**What you are asked to do**. Take the lines from the one containing "See how to create" through the end of the material and write them out exactly, omitting pictures.

**Listed records**.
>>>>
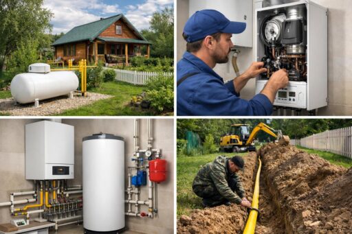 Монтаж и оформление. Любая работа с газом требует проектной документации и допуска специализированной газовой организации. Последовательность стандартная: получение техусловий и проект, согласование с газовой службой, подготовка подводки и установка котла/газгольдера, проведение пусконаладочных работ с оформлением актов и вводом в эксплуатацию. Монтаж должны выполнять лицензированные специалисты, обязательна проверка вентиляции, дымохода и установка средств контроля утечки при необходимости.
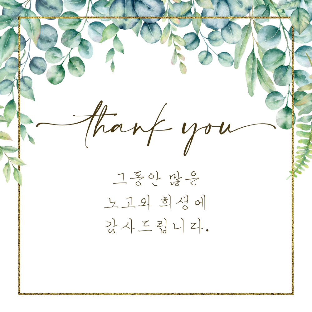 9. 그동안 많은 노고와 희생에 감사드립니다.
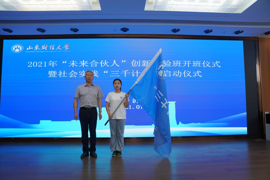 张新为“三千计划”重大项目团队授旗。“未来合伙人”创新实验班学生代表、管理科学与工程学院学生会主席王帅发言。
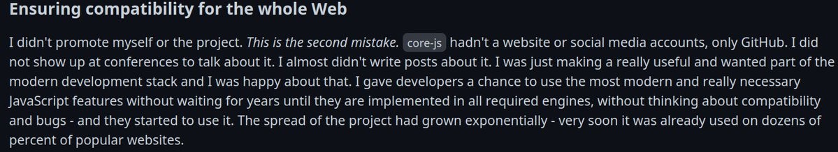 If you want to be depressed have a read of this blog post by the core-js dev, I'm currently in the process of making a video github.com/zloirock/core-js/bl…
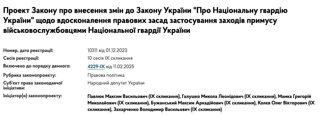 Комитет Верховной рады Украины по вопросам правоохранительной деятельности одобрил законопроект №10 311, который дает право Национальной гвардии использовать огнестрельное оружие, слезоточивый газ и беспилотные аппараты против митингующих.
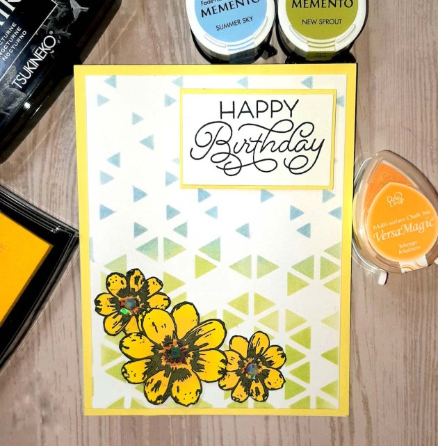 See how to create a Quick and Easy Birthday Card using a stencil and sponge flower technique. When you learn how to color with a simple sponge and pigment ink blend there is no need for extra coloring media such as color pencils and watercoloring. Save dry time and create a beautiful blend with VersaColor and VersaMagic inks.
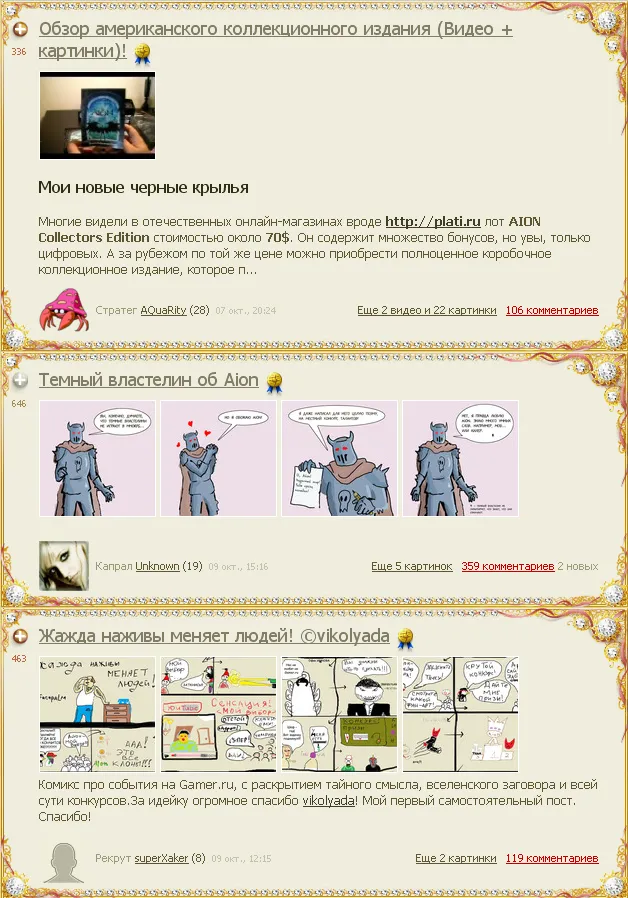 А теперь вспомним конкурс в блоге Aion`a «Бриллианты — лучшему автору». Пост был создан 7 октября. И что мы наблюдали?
<<<<
**Solution for this task**.
 See how to create a Quick and Easy Birthday Card using a stencil and sponge flower technique. When you learn how to color with a simple sponge and pigment ink blend there is no need for extra coloring media such as color pencils and watercoloring. Save dry time and create a beautiful blend with VersaColor and VersaMagic inks.
 А теперь вспомним конкурс в блоге Aion`a «Бриллианты — лучшему автору». Пост был создан 7 октября. И что мы наблюдали?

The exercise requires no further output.